A heart-warming read for any Husky owner is, of course, Jack London’s ‘White Fang’. The eponymous wolf-dog hero is one-quarter Siberian Husky Or you could enjoy the film but only if your garrulous husky won’t talk over it! . The part-husky wolf-dog has to navigate the complexities of wild and domestic life and the challenges he faces might lead you to give your husky an understanding pat even as you reach again for the vacuum.
These dogs are independent and are not the most receptive breed to training. Recall training can be an issue as they not only love to run but also generally have retained a high prey-drive. Some will not hesitate to chase cats or other small animals. It is also important to train them not to pull on the leash as these dogs were originally bred to lead the way.
But they can be socialized in order that their companionable gregarious instincts be fulfilled with canine playmates without their exerting dominance on other dogs. This will also mitigate any aggression to unfamiliar dogs. The Husky does have a strong desire to please their human companions which lifts them into average difficulty in training. But inexperienced dog owners are highly recommended to attend training as these dogs can be stubborn and difficult without consistent training.
The Siberian Husky must also undergo training to prevent separation anxiety.

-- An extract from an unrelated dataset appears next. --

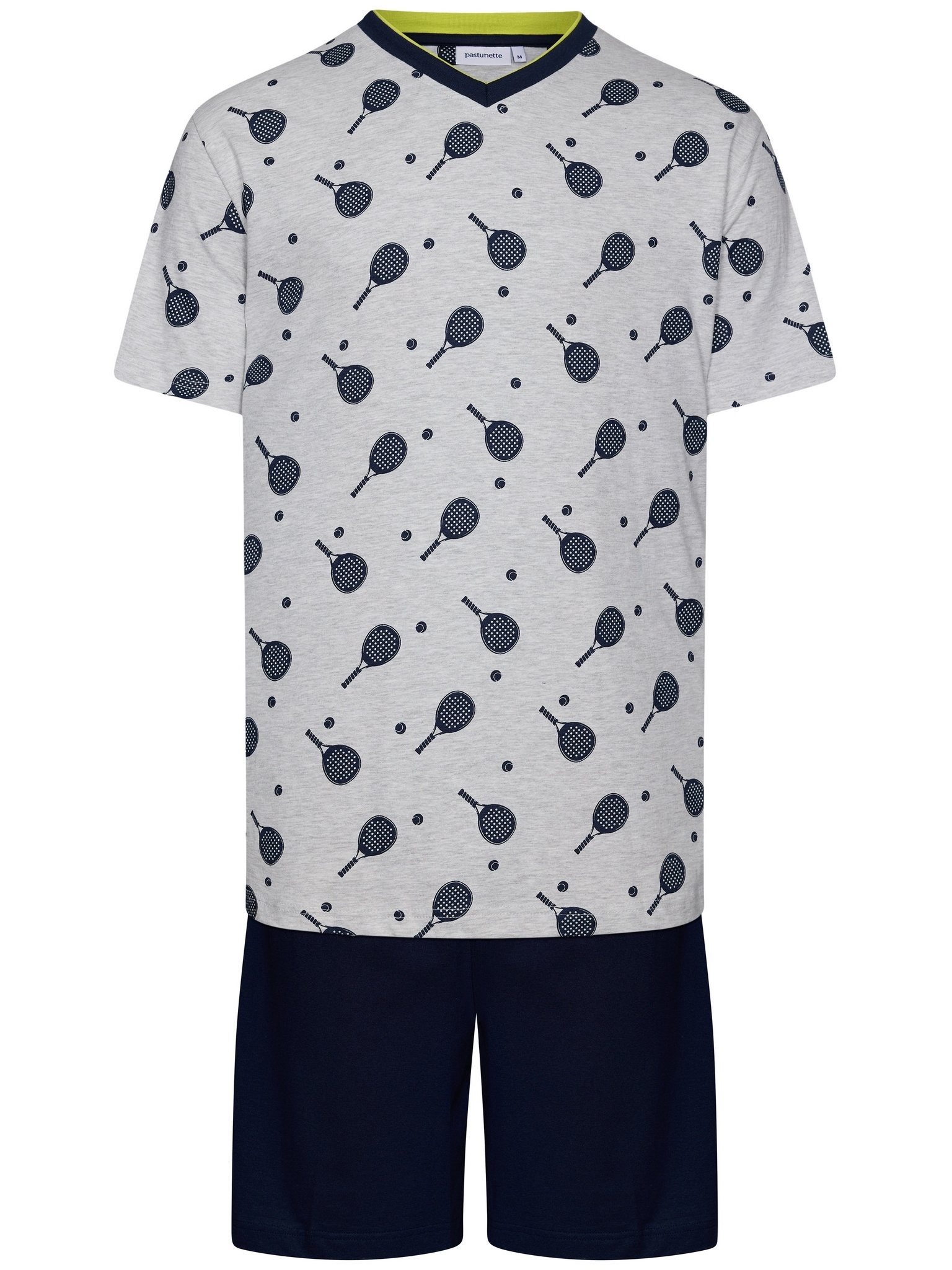 De shortama heeft een stijlvolle combinatie van grijs en donkerblauw en is voorzien van een speels padelracket-dessin. De top heeft korte mouwen en een V-hals met een subtiele ribafwerking. Het bijpassende korte broekje valt ruim boven de knie en heeft een comfortabele elastische tailleband.

This is particularly important for this breed who absolutely hate being left alone to avoid them becoming destructive in the house.
The Siberian Husky requires a significant amount of daily exercise. This should include around 1.5 to 2 hours walking a day. Alongside this they should have the opportunity to play and chase around in an enclosed area if possible.

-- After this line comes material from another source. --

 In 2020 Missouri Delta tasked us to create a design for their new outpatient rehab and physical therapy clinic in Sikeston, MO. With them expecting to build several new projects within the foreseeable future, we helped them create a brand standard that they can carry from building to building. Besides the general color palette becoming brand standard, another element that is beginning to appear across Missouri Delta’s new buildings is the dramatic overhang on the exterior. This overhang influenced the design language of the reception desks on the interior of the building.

Huskies are ideal dogs for those who enjoy active outdoors pursuits. They will jog along for miles effortlessly with human companions who enjoy running.

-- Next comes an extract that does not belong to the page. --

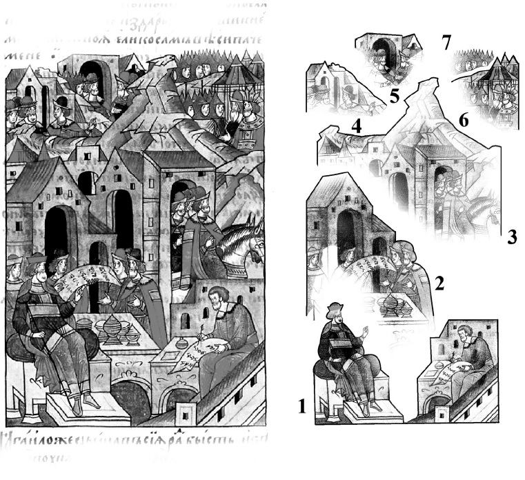 The primary feature of time in the Chronicles is its fluidity: “... the desire to depict the largest possible time is associated with the miniaturist’s desire to cover the largest possible space. Time and space are to some extent interrelated for him...” [4, p. 76]. In “ordinary” paintings, time is stationary; that is, they almost always record one moment, a one-time coordinate. Each miniature of the Illuminated Chronicles is a story in which events occur at different times. Time in miniatures usually flows from the bottom upward. This multitemporal leads to remarkable effects. For example, one miniature can depict the same character several times in different plot situations. Each situation and episode in miniature has its own time. We call this effect narrativity: “Artists used elements of nature and architecture, such as the eternity of natural formations (rivers, mountains, landscapes), the durability of human-made buildings (walls, temples, chambers) as “separators” of individual spatiotemporal unities...” [1, p. 227]. The miniature combines both visual and verbal principles; the story is told not in words but in images. Miniatures can consist of several separate paintings, interconnected by a thorough plot, with one miniature continuing the others, and so on ad infinitum. If we mentally continue this series, we will note something similar to a time spiral. It is noteworthy that the movement of time is not only from bottom to top but also from right to left, thus, leading to the image of a sphere. A painting always has a frame (even if it does not exist in reality, it is mentally implied, I.V.), limiting space and time: “A painting is a view in a window. In other words, it does not depict the world as a whole (like an icon) but only determines what is visible. The window serves as a unique viewfinder, enabling the artist to depict only what lies within the field of vision when gazing out the window” [17, p. 10]. Unlike a framed window, which is confined by a singular temporal and spatial coordinates, the time within the Illuminated Chronicle can be deemed infinite. It flows in all directions, much like space, and includes many spatial coordinates. What sets the ancient Russian miniature in this context apart from a well known genre such as modern comics, as narratives conveyed through a series of images? Fundamentally, this series is arranged in one direction and has one vector. Moreover, a comic fragment taken separately, cut from a general strip (frame), without correlating the pictures on the left and right with it, loses all meaning because its semantic load is significant only in the context of the entire story. Simultaneously, each miniature of the Chronicles and fragment isolated from it is efficient. For example, leaving a single eye, a hand gesture, or any other microfragment holds significance; these minute elements carry a semantic load that encapsulates the entire universe, the complete cosmos. In essence, miniatures are not restricted by the limitations of time and space; they are infinite not only as a collective but also in each of their fragments. If the Chronicles as a whole resemble a sphere, each miniature can be likened to a small sphere, and each fragment of a miniature is a microsphere. This encapsulates both a microcosm and a macrocosm as spheres within a sphere. The comics against the backdrop of these miniatures are a series of individual pictures and frames interconnected by a thorough plot. Consider, for example, a miniature from Osterman’s volume 2, the legend of the battle of Mamaev by l. OII 28, which depicts Prince Jagiello negotiating with Oleg Ryazansky to join Mamai’s army in the fight against Dmitry Donskoy (Fig. 1). This miniature comprises seven independent episodes, each with its characters. For a contemporary viewer raised in the Renaissance era, where the rule of three unities (unity of time, place, and action) prevails, grasping the artistic language of Ancient Rus’ in the 16th century can be challenging. The “reading” of the miniatures starts from the bottom, with the earliest scenes located at the bottom edge of the image and the later scenes at the top.

The Siberian Husky is a very striking Spitz (or ‘pointed’) dog and in keeping with this has what might be described as ‘wolfish’ features as well as a layer of protective furring on the ears and on their feet between the pads. The ears are triangular and high-set with a slight rounding to the tips.
These dogs are athletically built with powerful thighs and straight backs with a fox-shaped head and a fox-brush tail. Huskies also have elegantly arched necks. The almond-shaped eyes can be strikingly blue or brown and heterochromia (differently colored eyes) is common in this breed.
The male Siberian Husky stands at around 21-24 inches ( 53cm- 61cm) with the female only slightly smaller at 20-22 inches (51cm-56cm). The male weighs around 46-60 lbs (21kg -27kg) with the female between 35-50 lbs (16kg-23kg)
Coat and Grooming
It is a surprise to some that the grooming requirements of a Siberian Husky are only about average. Most of the time two or three brushes a week will suffice. During periods of molting this will need to be increased to once or twice daily.
The Siberian Husky should be kept as cool as possible in hot weather. This should include a daily brush to remove dead hair and aid air circulation. Please click for more tips on how to keep your dog cool.
Lifespan and Health
This very athletic dog has a good lifespan of generally between 12-15 years. There are no breed specific health conditions although some dogs can suffer from hip and elbow dysplasia. Some are also prey to eye conditions such as cataracts.